> **Supplied information**:
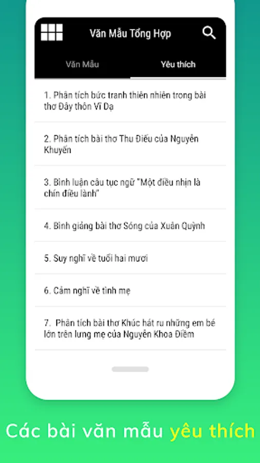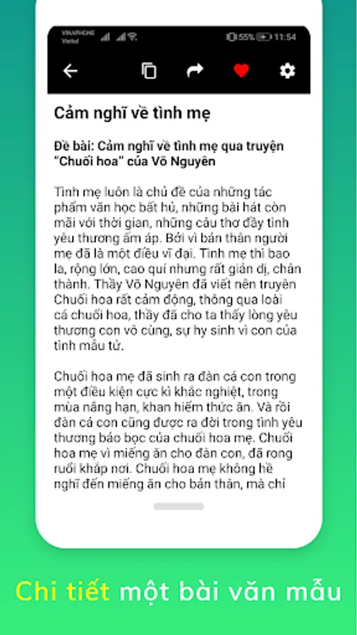 Composites: Allows you to save good writing. There is a mode to copy the entire text of the article to share with friends and relatives (Help your friends learn good writing)
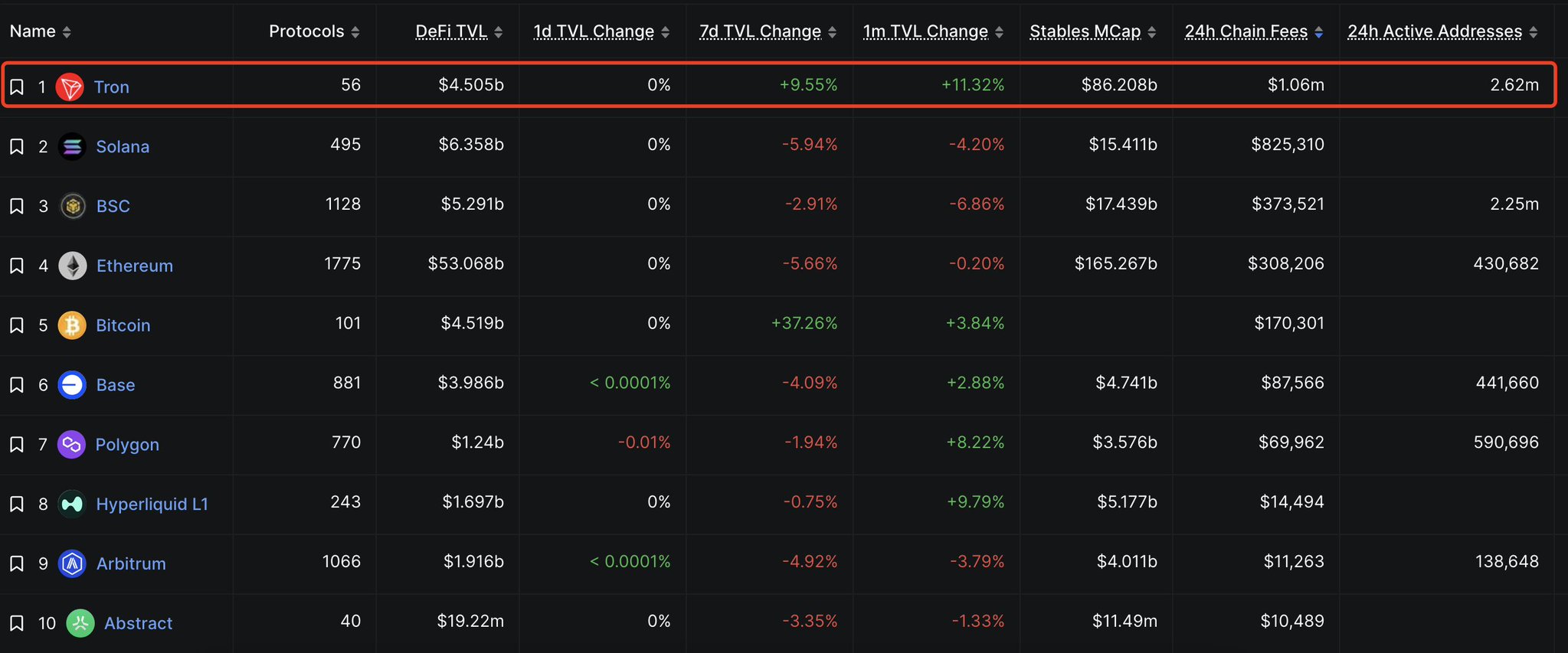 ShowMaker Community_Lead Influencer A32.16K @0xshowmakerWhile the market is pulling, @trondao network's TVL has increased by 11.32% compared to last month. Additionally, with 2.62M active users, it ranks as the most actively used chain in the last 24 hours and has earned $1.06M in fees in a day. I don’t know if a bull market will come, but during uptrends the safest and cleanest rises are shown by the old major coins. @justinsuntron continues to develop the ecosystem regardless of the bull month. While everyone chases platform revenue, money‑making and value‑creating projects, the massive $TRX is doing a great job. It is already the leading chain in the stablecoin space. We are watching it with interest. #TRON @TronDao_Turkish #TRONGlobalFriends #TRONEcoStar
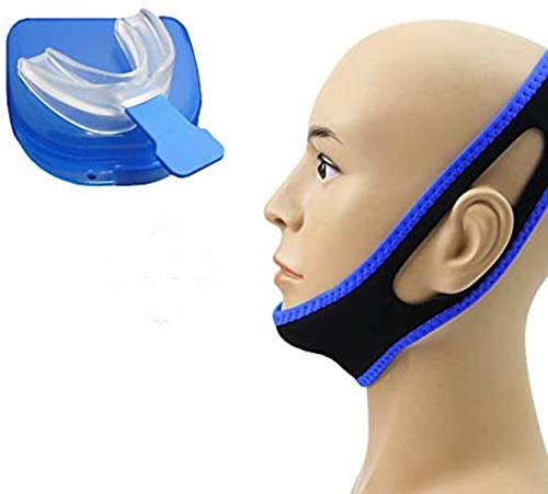 Genkent Snore stopper imboccatura Apnee Night Guard + anti Snore chin strap cintura supporto per mascella strisce nasali

> **The task**: Only exact copies are wanted here. Write out the lines from the one containing "ShowMaker Community_Lead Influencer" through the end of the material and no others, omitting all pictures.

> **Reply**:
 ShowMaker Community_Lead Influencer A32.16K @0xshowmakerWhile the market is pulling, @trondao network's TVL has increased by 11.32% compared to last month. Additionally, with 2.62M active users, it ranks as the most actively used chain in the last 24 hours and has earned $1.06M in fees in a day. I don’t know if a bull market will come, but during uptrends the safest and cleanest rises are shown by the old major coins. @justinsuntron continues to develop the ecosystem regardless of the bull month. While everyone chases platform revenue, money‑making and value‑creating projects, the massive $TRX is doing a great job. It is already the leading chain in the stablecoin space. We are watching it with interest. #TRON @TronDao_Turkish #TRONGlobalFriends #TRONEcoStar
 Genkent Snore stopper imboccatura Apnee Night Guard + anti Snore chin strap cintura supporto per mascella strisce nasali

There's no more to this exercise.